- _INSTRUCTIONS FOR THE TASK_: The expected answer is the full listing, repeated exactly and free of images.

- _DATA SECTION_:
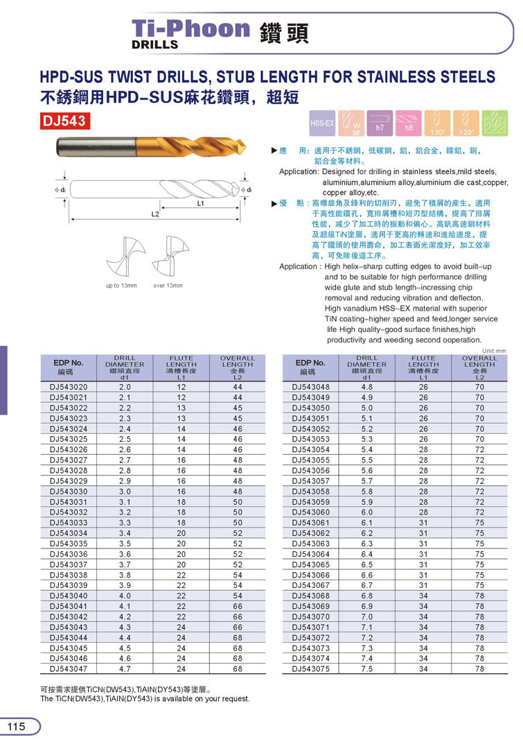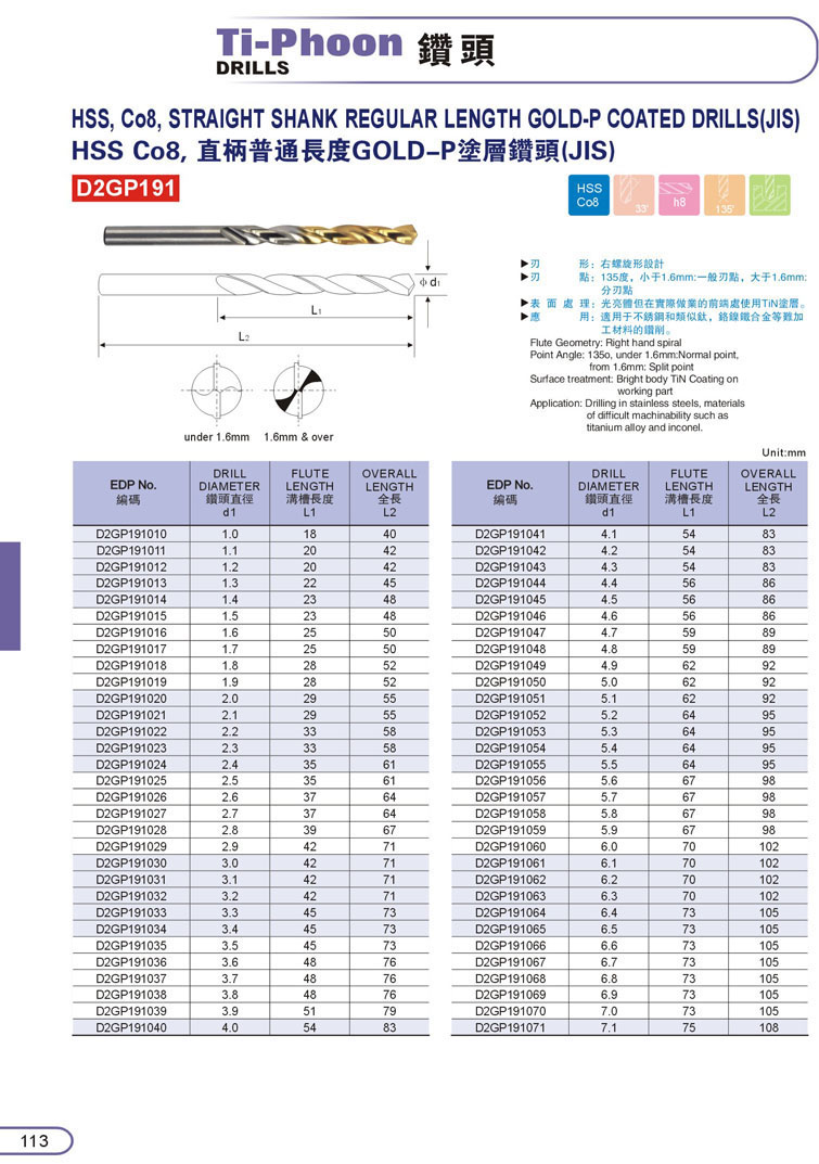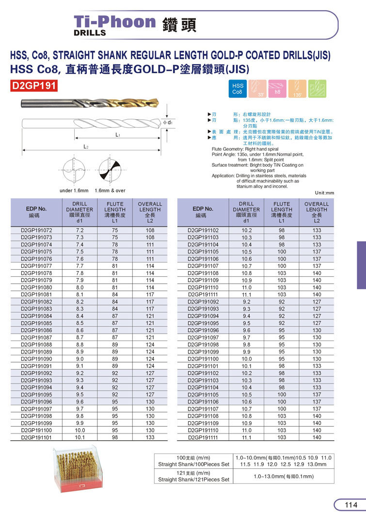 1. HSS直柄鑽頭107
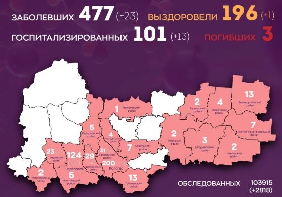 Всего в регионе уже 477 случаев опасной инфекции. По количеству больше всего больных в Вологде, Череповце, Вологодском, Шекснинском и Кадуйском районе, сообщает ИА "СеверИнформ".
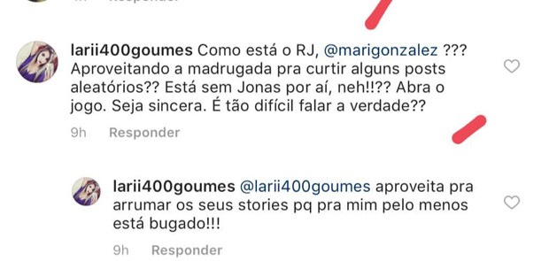 "Eu exponho a minha vida aqui, na hora de uma situação difícil eu também tenho que expor. Muita gente que me segue aqui gosta de mim e de Jonas. Eu quero deixar registrado, não sei quanto de perigo está tendo, não sei o nível psicológico dessa pessoa. Já estou procurando ajuda, mas queria compartilhar com vocês. Isso já está acontecendo há um tempo, meus amigos já sabiam", contou Mariana.

- _YOUR SOLUTION_:
 1. HSS直柄鑽頭107
 Всего в регионе уже 477 случаев опасной инфекции. По количеству больше всего больных в Вологде, Череповце, Вологодском, Шекснинском и Кадуйском районе, сообщает ИА "СеверИнформ".
 "Eu exponho a minha vida aqui, na hora de uma situação difícil eu também tenho que expor. Muita gente que me segue aqui gosta de mim e de Jonas. Eu quero deixar registrado, não sei quanto de perigo está tendo, não sei o nível psicológico dessa pessoa. Já estou procurando ajuda, mas queria compartilhar com vocês. Isso já está acontecendo há um tempo, meus amigos já sabiam", contou Mariana.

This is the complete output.